Palin’s lawsuit against The New York Times rejected 1:19
(WABNEWS Business) — The New York Times prevailed in defending itself in a defamation lawsuit filed against it by Sarah Palin, after jurors will determine that she did not prove her case.
The nine jurors, deliberating since Friday afternoon, declared that The New York Times is not liable in Palin’s defamation lawsuit against the newspaper.
RELATEDUnbeknownst to them, during the deliberations, Rakoff determined that Palin’s attorneys failed to prove a key element of their case, so he would overturn the jury’s verdict if it had found in Palin’s favor.
“The law here sets a very high standard (for actual malice),” Rakoff said Monday. “The court finds that that standard has not been met.”
Palin and her attorneys have previously indicated they would consider an appeal if a jury trial did not go their way.
The newspaper’s lawyers celebrated Monday, embracing each other in court after Rakoff made his decision.
“The New York Times welcomes today’s decision,” a spokesman said Monday. “It’s a reaffirmation of a fundamental principle of American law: Public figures should not be allowed to use defamation lawsuits to punish or intimidate news organizations that make, quickly acknowledge and correct unintentional errors.”
Palin’s lawsuit
Palin sued The New York Times and its former editorial page editor James Bennett in 2017 after they published an editorial that wrongly linked a map Palin’s political action committee had published to a 2011 shooting that killed six people and injured former Congresswoman Gabrielle Giffords.

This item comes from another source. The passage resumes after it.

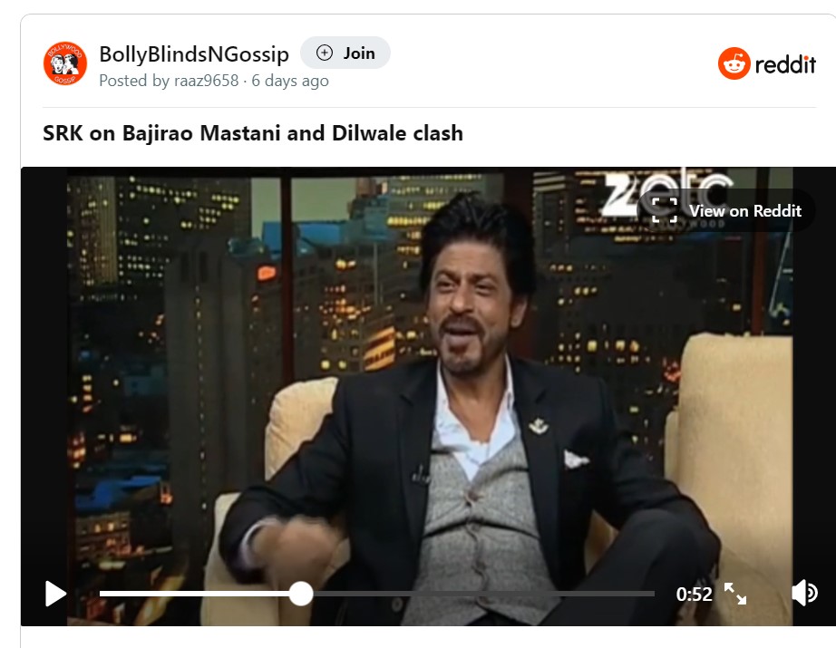 शाह रुख खान का ये वीडियो रेडिट पर वायरल हो रहा है, जो बॉली ब्लाइंड एन गॉसिप का है। वीडियो में किंग खान ने कहा कि फिल्मों का क्लैश बिल्कुल नहीं होना चाहिए, लेकिन एक साल में 200 फिल्में है और 54 हफ्ते तो किसी न किसी का क्लैश तो होगा ही। शाह रुख खान ने ये बात बाजीराव मस्तानी और दिवाले के क्लैश के दौरान कही थी।

The editorial in question was published on the day of the shooting at a baseball practice that injured Congressman Steve Scalise. It was meant to address heated political rhetoric before the shooting, but in pointing it out, the Times erroneously said there was a “clear” link between a map that had crosshairs over congressional districts, including Giffords’s, and the shooting that he hurt her. Bennett testified that he added language that there was a clear link and that once he realized the error he worked to issue a correction quickly.
Palin testified that she was “mortified” that the newspaper falsely accused her of abetting the murder of those six people, which included a federal judge and a 9-year-old girl, six years after that deadly shooting.
Bennett testified that he was surprised some people interpreted the editorial as saying that the man who shot Giffords and others was egged on by Palin, testifying that “that’s not the message we intended to send.”